C’est à partir du XVIIe siècle, à l'époque baroque, que le mythe du carnaval de Venise s’est
répandu dans toute l'Europe, et c'est l'image du XVIIIe siècle qui nous est la plus familière
grâce aux tableaux de Canaletto, Francesco Guardi, Giandomenico Tiepolo et surtout Pietro
Longhi.
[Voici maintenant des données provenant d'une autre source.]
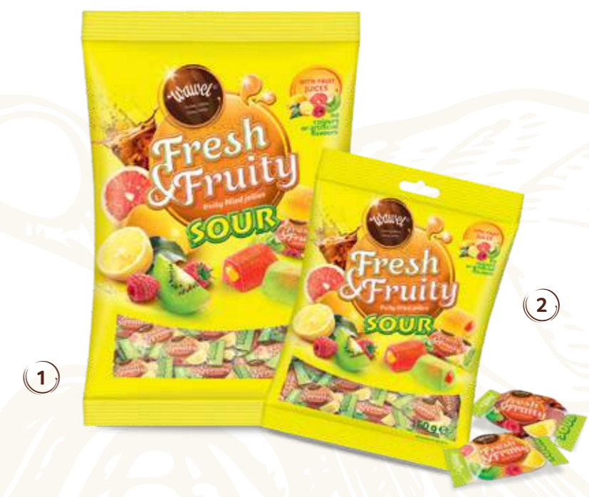
1-2 FRESH & FRUITY SOUR - mix of sour jellies with fruity filling: kiwi and lemon with raspberry filling, grapefruit and cola with lemon filling
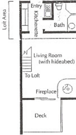
Units 5 and 6 (Upper level) Loft bedroom—1 bath Sleeps 5 Freestanding fireplace Deck Approx. 448 sq. ft. total (124 sq. ft. in loft)
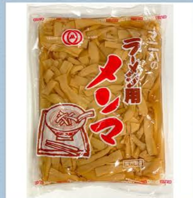
Maniha Ramen Menma Bamboo Shoots 11250 2.2 lbs x 15 packs
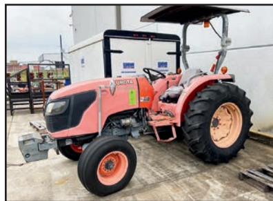
KUBOTA MX5100F TRACTOR
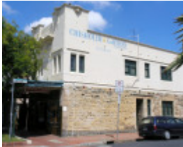
FORMER CHEMIST SHOP SOHE 2008
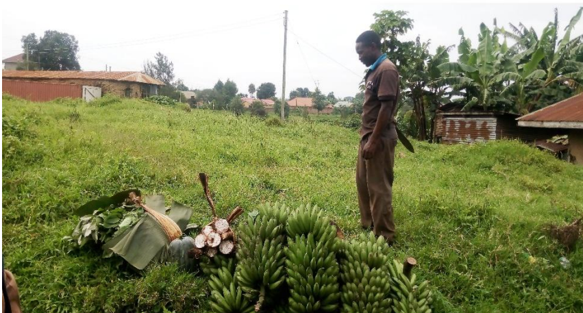
Green, Banana plantations and Harvests from Kagote TBH farmland.
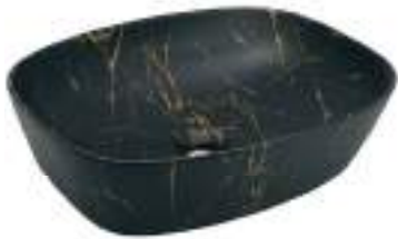
HBITT - 488 500 X 390 X 140
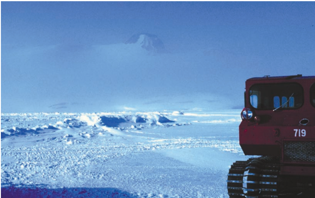
Antarctica. Castle Rock looms out of the fog. Tracked vehicle on the right.
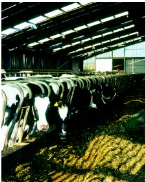
Nutrient values depend on a number of factors, including stock diet.

Slurry and manure from both housed and grazing livestock can make a significant contribution to the nutrient status of your land. Approximately three-quarters of nutrients in livestock feed are present in their dung and urine, making it a valuable source of NPK. Nutrients collected from housed livestock can be preserved through small changes in handling and storage of slurry and manure. For example, using a well-sited temporary field heap can reduce the amount of manure to be handled as the heap decomposes and make it easier to spread. Mixing slurry with water may make it easier to handle, but too much water will dilute the nutrient value and increase the total volume to be applied. Where possible, quick incorporation of slurry and manure into the soil will maximise nutrient potential. The less time nutrients are on the surface, the less chance they have to be washed away in surface run-off or escape to the air as a gas.
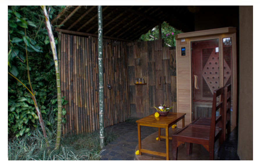
45 mins sessions: IDR 360k for up to 2 guests The treatment should be booked 2 hours in advance. Last booking at 7.00 PM
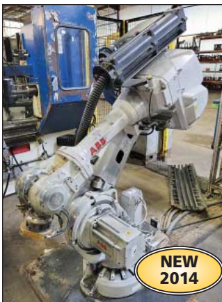
(2) ABB Type IRB4600-M2004 & IRC5-M2004 6-Axis CNC Robots
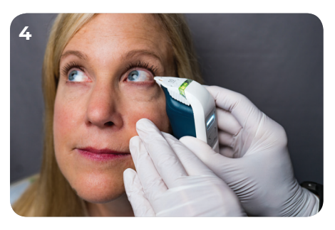
Seat patient with head back and eyes looking up and towards ceiling.
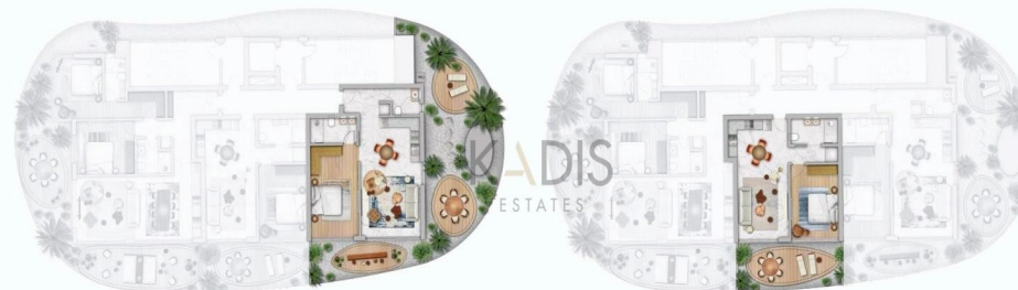
Seaview apartment with private garden
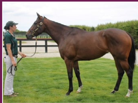
LIGHTLY TRIED SUPER EASY FILLY.
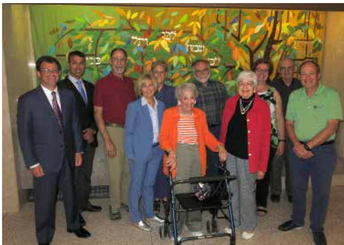
Lots of Temple Presidents - past, present, and future - at the Annual meeting.
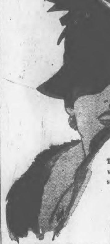
This girl with the low husky voice was the one he had seen in the hotel corridor the night before.

"No—I was going to say—your character and disposition! I'll have to see something of you before I shall feel competent to judge."
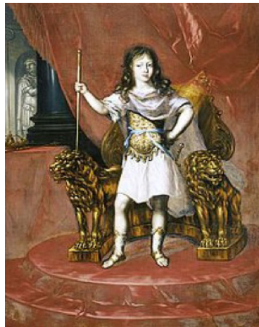
Charles XI at the death of his father

1660 marked a turning point: hundred years earlier another king, Gustavus Vasa, had died after nearly forty years of successfully resurrecting the Swedish State from many centuries of internal family feuds and wars with Denmark over succession. There were now two Scandinavian powers with defined borders, confirmed royal lineage and constantly at odd's end. Gustavus's grandson Gustavus II Adolphus entered the internal religious wars of the Holy Roman Empire, and when they finally ended in 1648, Sweden had gained the northern German provinces – in addition to much booty acquired during the many years of criss-crossing Swedish troops throughout central Europe. Though the Swedish war efforts had largely been financed by France that had an old bone of contention with the German emperor, there was no question that Sweden had become one of the major power players on the European stage. But how could this continue? The population of Sweden incl. Finland has been estimated at 1.675 million in 1650, Germany had roughly 10 million inhabitants (having been decimated by 5 million since 1600). England and Wales had 4.5 million. France (in 1670), 18 million, and Russia 15 million. The only comparable neighbouring power Denmark with Norway was populated by approximately 1.25 million. 1
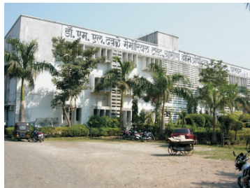
Rural Homoeopathic Hospital, Palghar
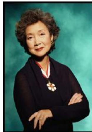
Adrienne Clarkson Colonel-in-Chief Princess Patricia's Canadian Light Infantry
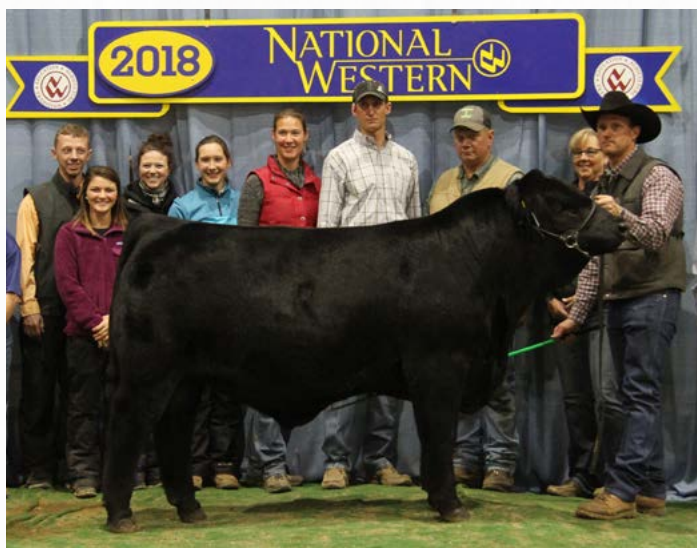
JRI Transformer - Service Sire of Lots 30 and 31

Homo Black 75% Rancher 102C daughter out of a Reflex dam. Nice package. Sells AI'd to JRI Transformer on 12-7-19. Safe to the AI with a fetal sexed bull calf.
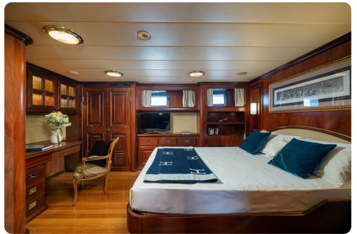
Aquarius IV VIP Stateroom
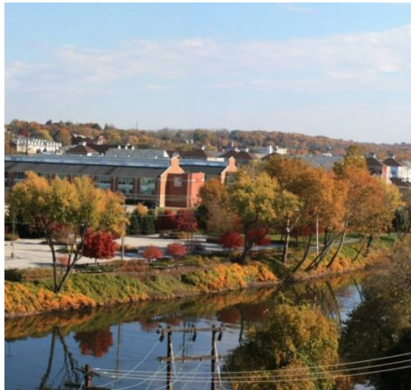
Schuylkill River in Conshohocken.

Projects to fulfill these improvements and State and Federal requirements will require substantial funding. Establishing a stormwater fee will generate the necessary funds for addressing infrastructure improvements, fulfilling permit requirements, conducting maintenance and repairs, and ultimately safeguarding public health and safety. The fee structure based on impervious area ensures that those who contribute more stormwater runoff to the system bear a proportionate share of the costs, promoting fairness and equity in funding the stormwater management program. The implementation of the stormwater fee will enable the Authority to undertake a wider range of stormwater projects throughout the Borough.
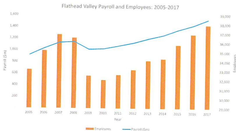
Figure 7 9
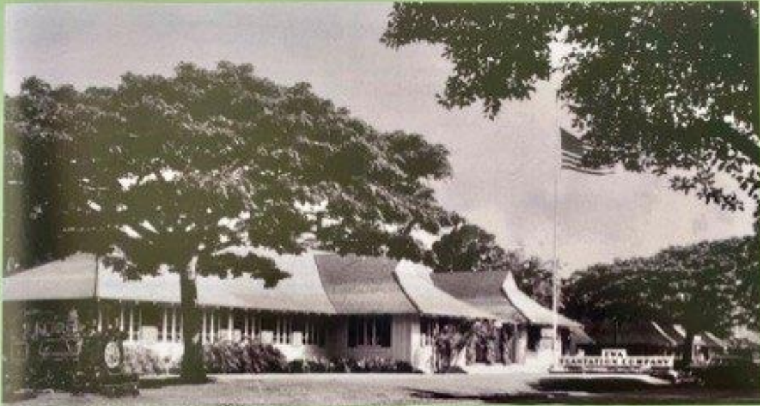
CANE TASSELS, WORK WHISTLES AND LABOR DAY CARNIVALS Memories of Ewa Plantation Town in the Mid-1900s
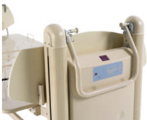
3 Position Adjustable Push Handle

The new Protean 4 comes standard with Kneebreak, Trendelenburg (and reverse), 3 Position Adjustable Push Handle for easy manoeuvring, CPR release (release handles both sides of backrest), 1.2Ah Battery Backup, Standard Castors and 10 button handset.
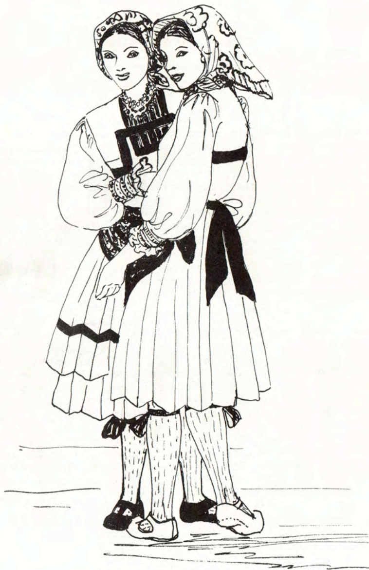
(Plate 2) Sketched by Audrey Fifield
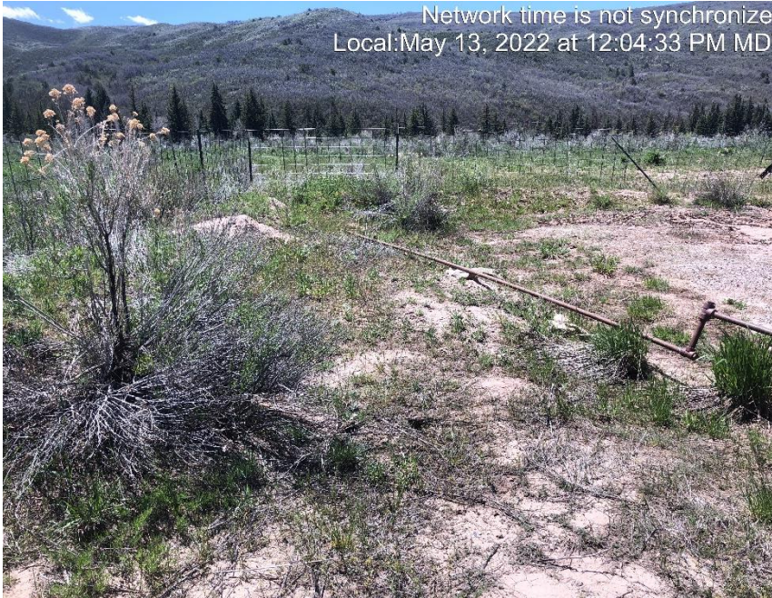
Photo #6711 Secondary containment is not sufficiently impervious to contain spilled or released materials.
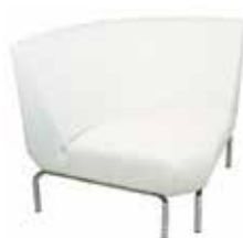
LG711 PRATO CORNER SECTIONAL Black, White 32"Wx32"Dx33"H
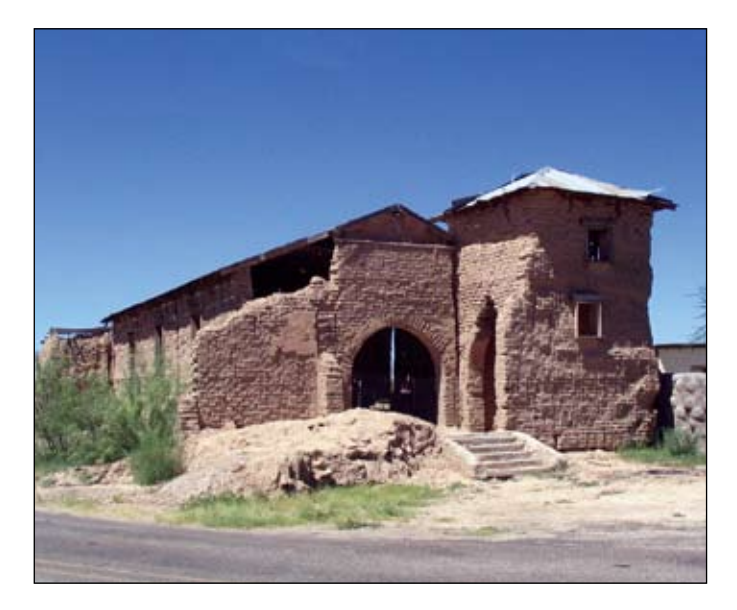
Early 1900 church in Ruidosa, Presidio County

The division oversees the care and maintenance of the THC buildings, which include an antebellum home, an 1880s church and a 1940s apartment house. Staff prepares architectural plans and specifications for rehabilitation projects related to the structures.
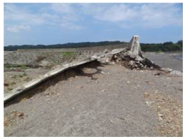
Figure-4 Section of Tide Wall (No. 1)
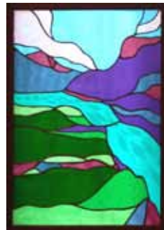
TITLE: Tryptich - The Famine1 MEDIA: Stained Glass YEAR: 1995 Nº: G100
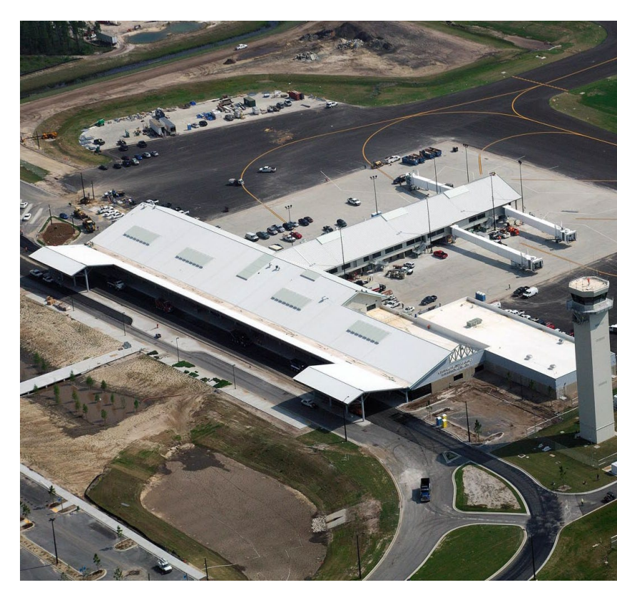
Wayne County Airport Authority North Terminal Redevelopment Romulus, MI
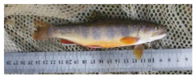
\begin{tabular}{ll} \textbf{FIGURE 2.} One specimen of $\it Salvelinus fontinalis (Mitchill, 1814), captured in Huaytire river. \end{tabular}

The presence of Salvelinus fontinalis in the southern part of the Peruvian Andes is undeniable, and the species – as suggested by Vila et al. (2007) – is possibly distributed throughout the region adjacent to the endorheic basin of Lake Titicaca. According to historical information, Salvelinus fontinalis (among other Salmonid species) was introduced to the region, and its current presence corresponds to isolated populations with few individuals due to its low quality as a focal species for Aquaculture Programs (compared to the Rainbow Trout) and the high fishing pressure experienced by Salmonids in the lotic environments of the high Andes.
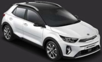
CLEAR WHITE / BLACK ROOF
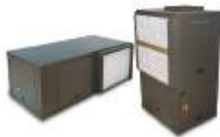
SmartSource™ High Efficiency Water Source Heat Pumps

Longtemps célébré entre l'Épiphanie et le Carême, il s'étend à cette époque pendant
plusieurs mois de l'année, en hiver, en mai-juin et à l'automne (jusqu'à six mois dans l'année),
sa démesure tentant à cette époque de masquer l'angoisse du déclin commercial et politique de
Venise2.
En 1797, avec l'arrivée des troupes du Directoire dirigées par Napoléon Bonaparte, la
tradition est interrompue pour éviter des troubles au sein de la population, Napoléon ayant
peur de la force révolutionnaire, subversive, et des émeutiers se cachant sous leurs masques.
Quelque temps après, les Autrichiens réhabilitent quelque peu la fête, le carnaval
s'embourgeoisant au XIXe siècle qui marque son lent déclin. À partir de cette époque, le
carnaval ne connaît plus le même enthousiasme populaire, et les masques ont presque disparu
jusque dans les années 1970. À cette époque, quelques adolescents renouent avec la tradition
des œufs pourris5, qui avait été interdite en 1268. D'autres étudiants férus de théâtre tentent de
rétablir les mascarades en 1978. Sous l'initiative d'associations de citoyens, de la municipalité
de Venise, de La Fenice et de la biennale de Venise en 1979, il est décidé de relancer avec
faste le carnaval2.
Depuis sa réintroduction officielle en 1980, le carnaval de Venise est devenu un événement
touristique important et spectaculaire, des dizaines de milliers de visiteurs venant y participer
en raison de l'atmosphère de la ville et des masques. Les jeux au détriment des animaux
n’existent plus mais les attractions médiévales du carnaval (jongleurs, acrobates, musiciens,
danseurs) subsistent et les spectacles ont traditionnellement lieu sur les places de Venise, en
particulier sur la Piazza San Marco. Le carnaval actuel comprend le défilé inaugural des plus
beaux costumes, le lâcher des ballons, la parade nautique, l’Envol de l’ange, la Procession des
Maries. Il est marqué par ses spectacles publics dans les rues; des manifestations payantes
dans les hôtels, palais et restaurants et ses divertissements privés (soupers fins, bals, concerts
baroques) dans les palais. Il se tient traditionnellement les dix jours précédant le mercredi des
Cendres6.
Cependant l’enjeu économique est devenu tel qu'il peut ternir le caractère spontané de cette
fête. Le costume traditionnel de la bauta est plutôt remplacé par ceux de Pierrot et
de Colombine, le spectacle publicitaire envahit les rues, au point de faire dire à Philippe
Sollers : « Rien de plus faux, parodique et grimaçant que le carnaval moderne. C’est un truc
d’écran pour couturiers et sponsors divers. Du bruit, de la laideur, de l’outrance, des masques
empilés sur des masques, des contorsions pour la caméra »7.